To simply describe the process of manufacturing the front pillar 2, first, a front pillar outer R/F matrix is prepared, and the front pillar patch R/F 22 is disposed at a belt line portion of the front pillar outer R/F matrix. Next, a region including the portion of the front pillar outer R/F matrix where the front pillar patch R/F 22 is disposed is subjected to TWB working so as to form the high plate-thickness portion 23. Thereafter, heat treatment is performed under predetermined heat-treatment conditions so as to form the high-strength portion 21A and the low-strength portion 21B and form the front pillar outer R/F 21. The front pillar 2 is manufactured in this way.
As shown in FIG. 3, the center pillar 3 includes a center pillar outer R/F 31, and a center pillar patch R/F 32 is disposed inside a belt line portion in the center pillar outer R/F 31. Additionally, the center pillar outer R/F 31 is formed with a high-strength portion 31A and a low-strength portion 31B. The high-strength portion 31A and the low-strength portion 31B are formed similarly to the high-strength portion 21A and the low-strength portion 21B formed in the front pillar outer R/F 21.
The high-strength portion 31A is formed over the entire range excluding an upper end and a lower end in the center pillar outer R/F 31. On the contrary, the upper end and the lower end in the center pillar outer R/F 31 become the low-strength portion 31B. The high-strength portion 31A extends to a portion just before a connecting portion of the upper end of the center pillar outer R/F 31 joined to the roof side rail 4, and the connecting portion of the upper end of the center pillar outer R/F 31 joined to the roof side rail 4 is formed into the low-strength portion 31B. Additionally, the high-strength portion 31A extends to a portion just before a connecting portion of the lower end of the center pillar outer R/F 31 joined to the side sill 5, and the connecting portion of the lower end of the center pillar outer R/F 31 joined to the side sill 5 is formed into the low-strength portion 31B.
Moreover, the center pillar outer R/F 31 is formed with a high plate-thickness portion 33. The high plate-thickness portion 33 is formed in a region including the portion of the center pillar outer R/F 31 provided with the center pillar patch R/F 32. The high plate-thickness portion 33 in the center pillar outer R/F 31 is formed by, for example, TWB working similarly to the front pillar outer R/F 21.
Additionally, the center pillar outer R/F 31 is provided with an upper hinge 34 and a lower hinge 35. A lower end of the high plate-thickness portion 33 is located on the upper side of the lower hinge 35 below a lower end of the center pillar patch R/F 32. Moreover, a lower end of the high-strength portion 31A is located below the lower hinge 35.
To simply describe the process of manufacturing the center pillar 3, first, a center pillar outer R/F matrix is prepared, and the center pillar patch R/F 32 is disposed at a belt line portion of the center pillar outer R/F matrix.

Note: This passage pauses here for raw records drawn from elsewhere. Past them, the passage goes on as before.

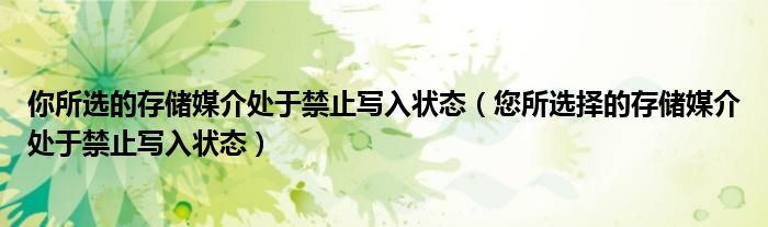 关于你所选的存储媒介处于禁止写入状态,您所选择的存储媒介处于禁止写入状态这个很多人还不知道,今天菲菲来为大家解答以上的问题,现在让我们一起来看看吧!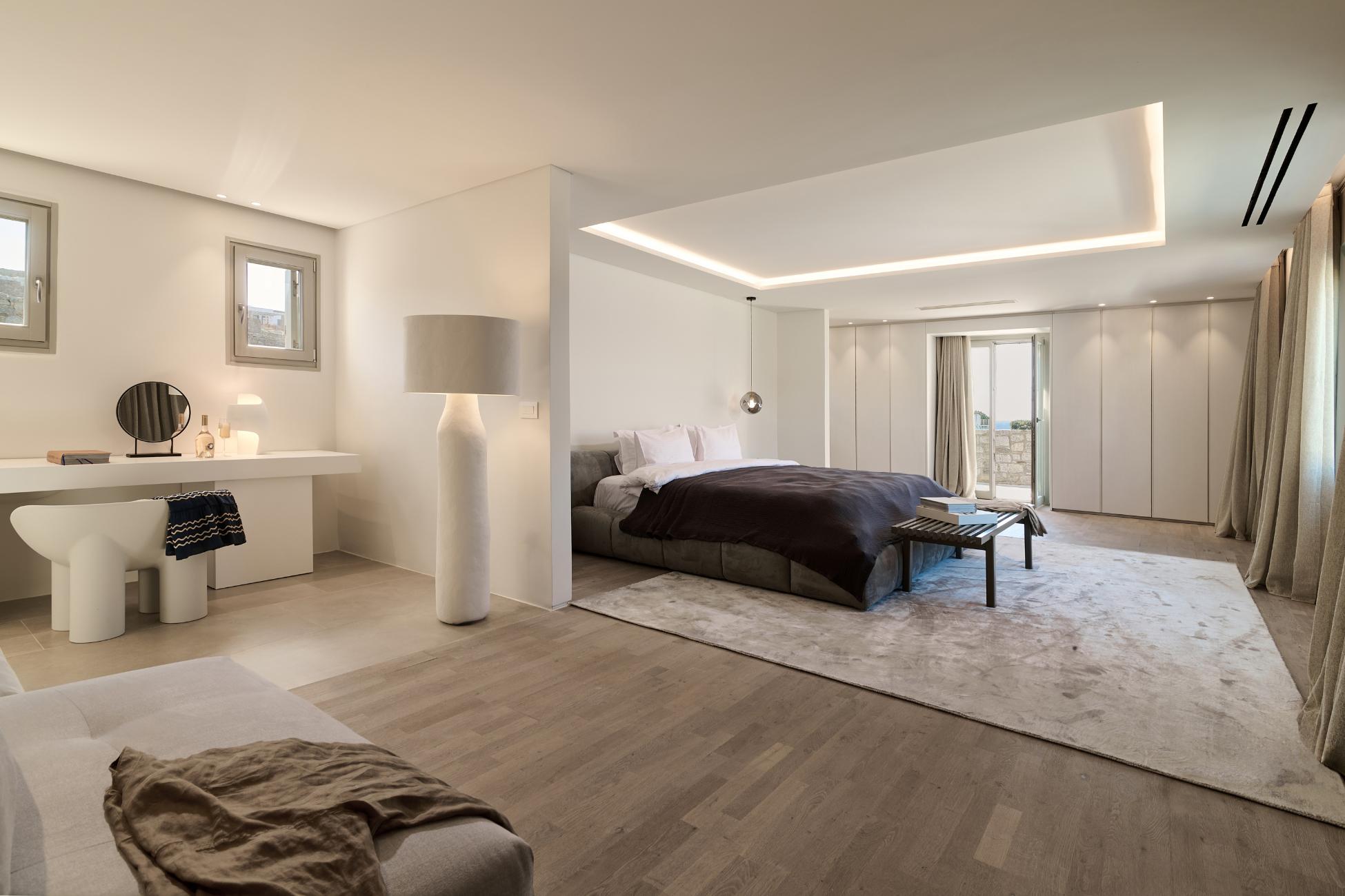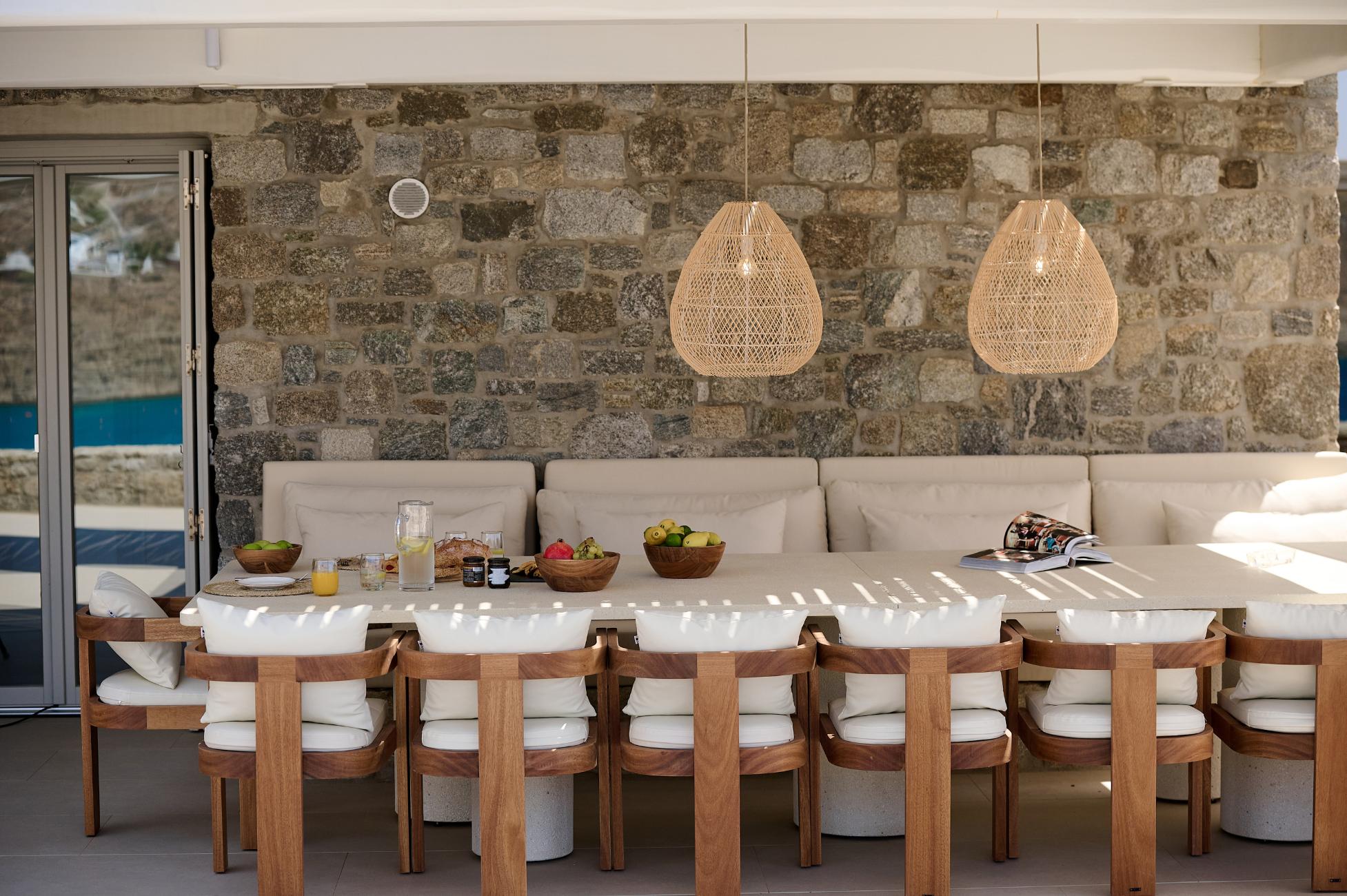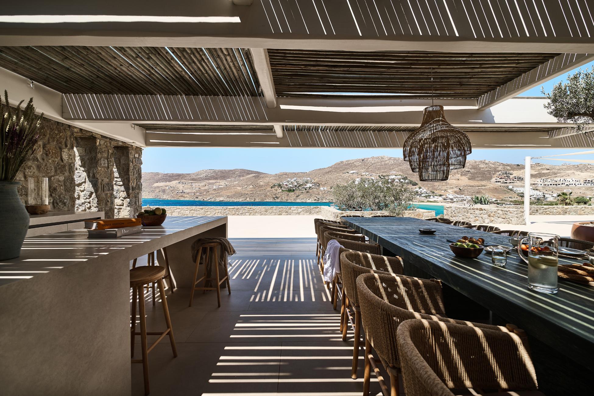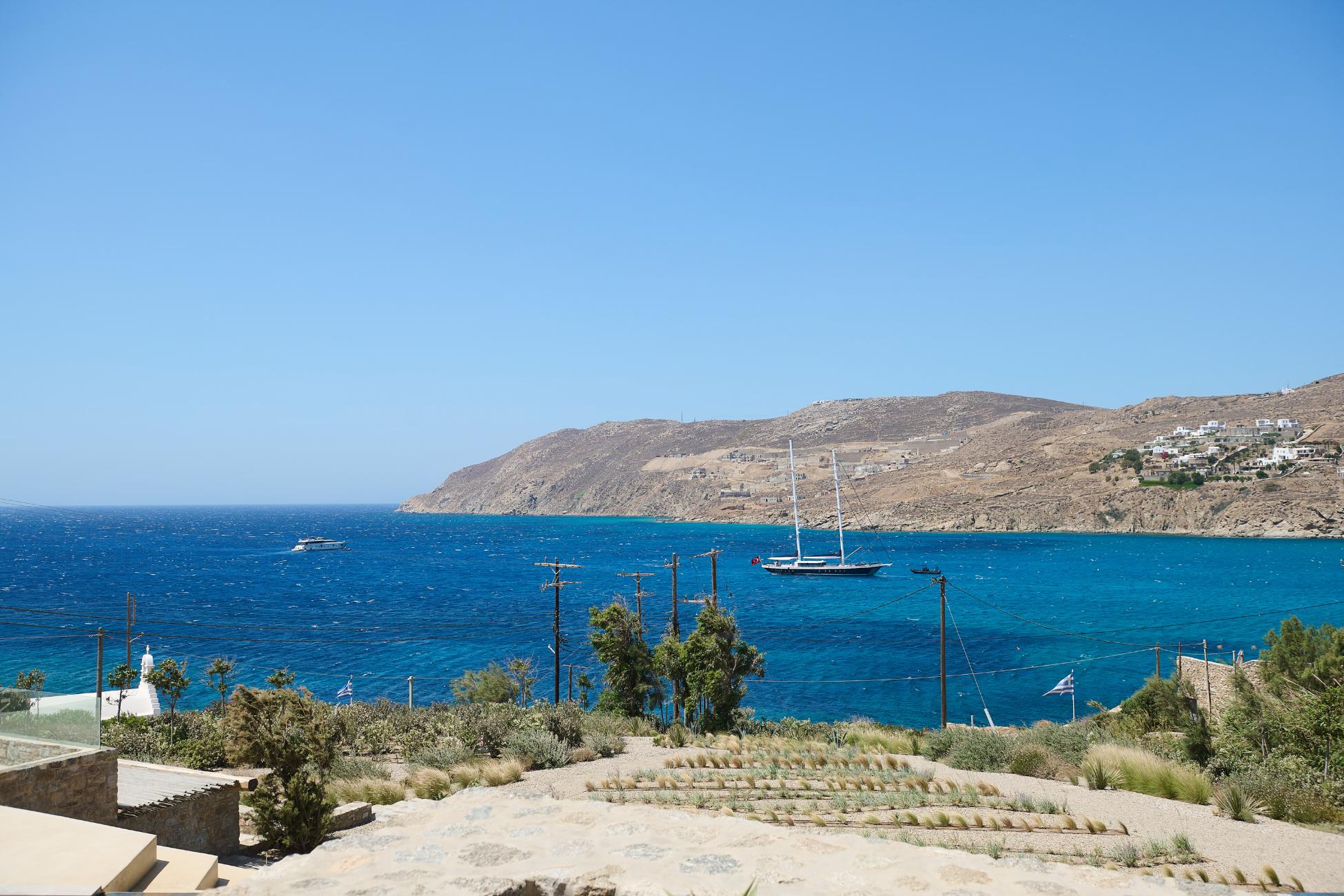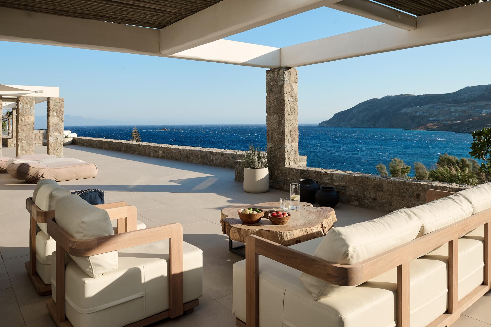 Near the villa, you can spend a day exploring Mykonos Town and its waterfront, charter a private yacht to Delos and the southern beaches, or enjoy sunset dining at nearby seaside restaurants overlooking the Aegean.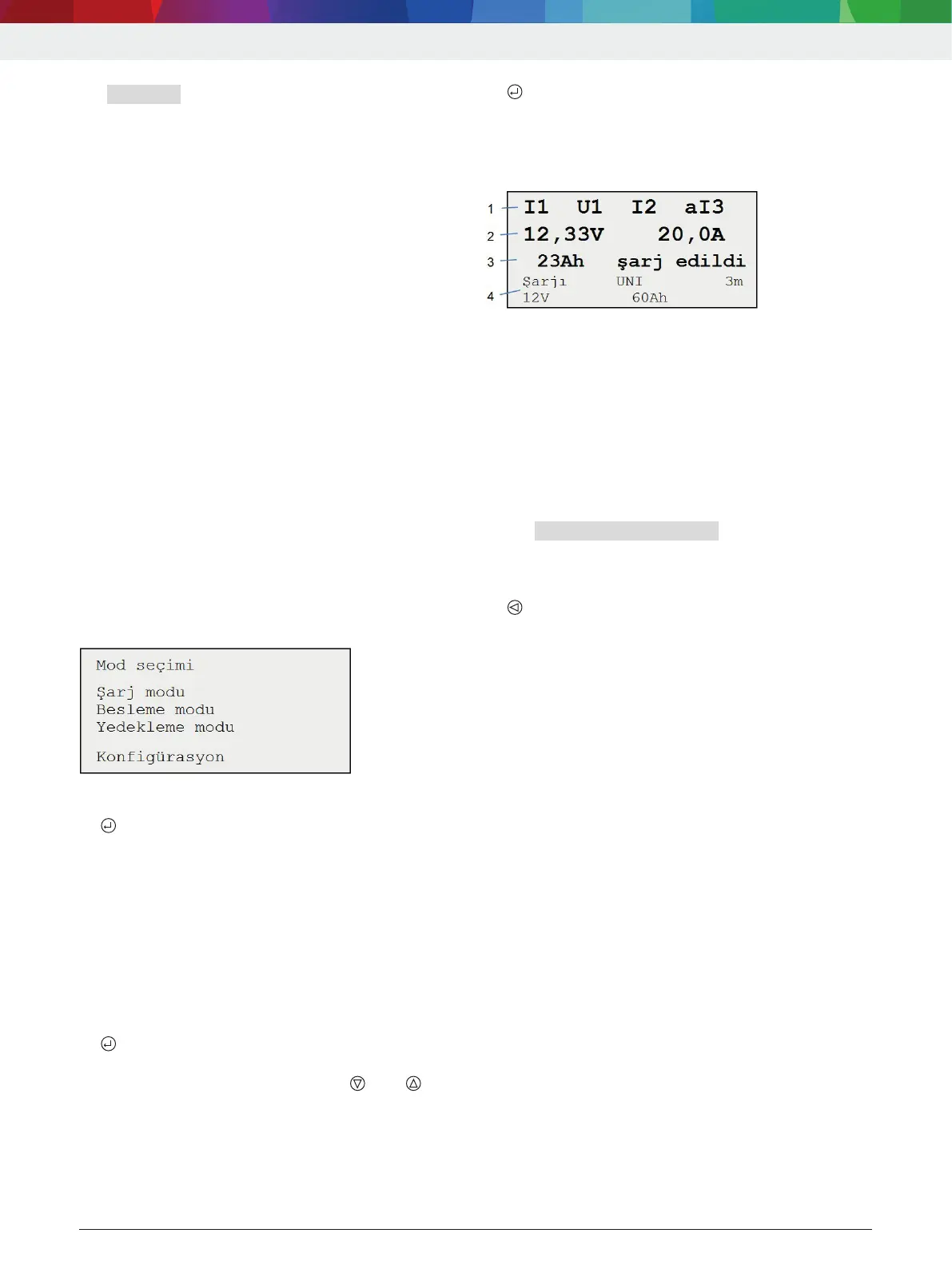4 Çalışma modu, akü tipi, şarj kablosu uzunluğu, akü gerilimi ve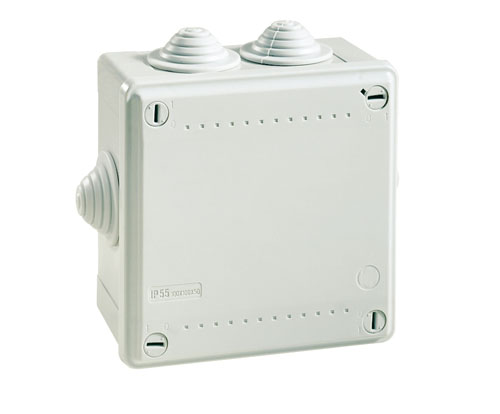 Данный вид коробок имеет фиксатор якорного типа для привязки крышки к основанию, а также бесшовный уплотнитель из вспененного полиуретана, что обеспечивает степень защиты IP55 внутреннего пространства от проникновения пыли и влаги. Конструкция герметичных вводов обеспечивает высокую плотность соединения с трубами или кабелями. Благодаря этому данная коробка может быть использована на открытом воздухе, а также во влажных и пыльных помещениях.
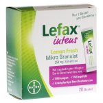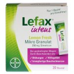 Интенсив Lefax подходит для более сильных вздутий, вздутие живота, боли, судороги и давления в желудке. Он растворяет пузырьки газа и также подходит для применения благодаря практическим мешкам микро-гранул.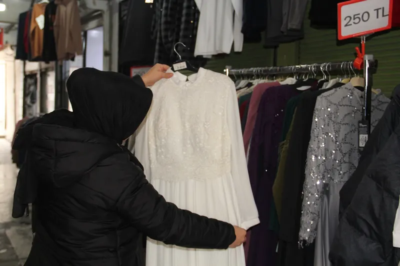 Satışa sundukları ürünlerin neden bu kadar uygun fiyatlı olduğunu belirten esnaf Ayla Yüzen, "Kıyafetimizi çok uygun fiyata sunuyoruz. Ürünler depolarda çürümesin, gelecek yıla kalıp zamlanmasın diye herkesin yararlanmasını istiyoruz. Üstlerimiz, alt-üst takımlarımız, sweatshirt kazaklarımız, eteklerimiz ve abiyelerimiz mevcut. Normalde her yerde 3–4 bin TL olan, hatta 2 bin TL’ye kiralanan abiyeleri burada 250 TL'ye satışa sunuyoruz. Artık depoya kaldırıp eskimesini istemiyoruz; herkes giysin istiyoruz. Bahar ayındayız, bayram yaklaşıyor ve şu anda fiyatlarımız çok uygun. Neredeyse alış fiyatına, hatta bazı ürünleri alış fiyatının altında satıyoruz. Örneğin 225 TL'ye aldığımız ürünleri 250 TL'ye veriyoruz." dedi.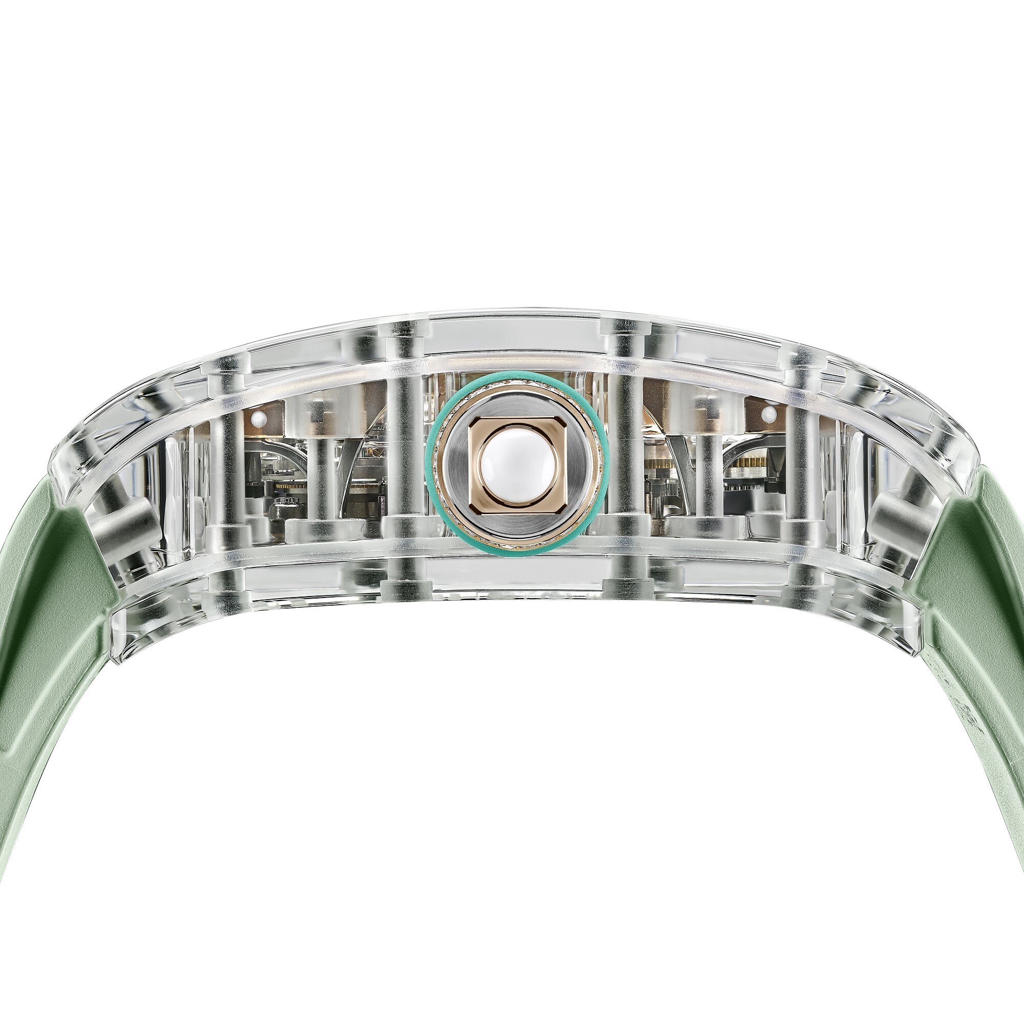 The openworked dial emphasizes the geometric architecture of the movement. The sandblasted rose gold inner bezel evokes the graceful arches of a Gothic cathedral dome, while the flying tourbillon at 6 o’clock appears to float freely thanks to its bridge-free construction. At 12 o’clock, the skeletonized barrel openly reveals the state of wind. Every surface—beveled, brushed, or polished—displays the meticulous hand-finishing typical of Richard Mille, transforming the entire movement into a kinetic sculpture.

Next, a region including the portion of the center pillar outer R/F matrix where the center pillar patch R/F 32 is disposed is subjected to TWB working so as to form the high plate-thickness portion 33. Thereafter, heat treatment is performed under predetermined heat-treatment conditions so as to form the high-strength portion 31A and the low-strength portion 31B and form the center pillar outer R/F 31. The center pillar 3 is manufactured in this way.
As shown in FIG. 2, the roof side rail 4 includes a roof side rail outer R/F 41, and a roof side rail patch R/F 42 is disposed inside a longitudinal middle position of the roof side rail outer R/F 41. Additionally, the roof side rail outer R/F 41 is formed with a high-strength portion 41A and a low-strength portion 41B. The high-strength portion 41A and the low-strength portion 41B are formed similarly to the high-strength portion 21A and the low-strength portion 21B formed in the front pillar outer R/F 21.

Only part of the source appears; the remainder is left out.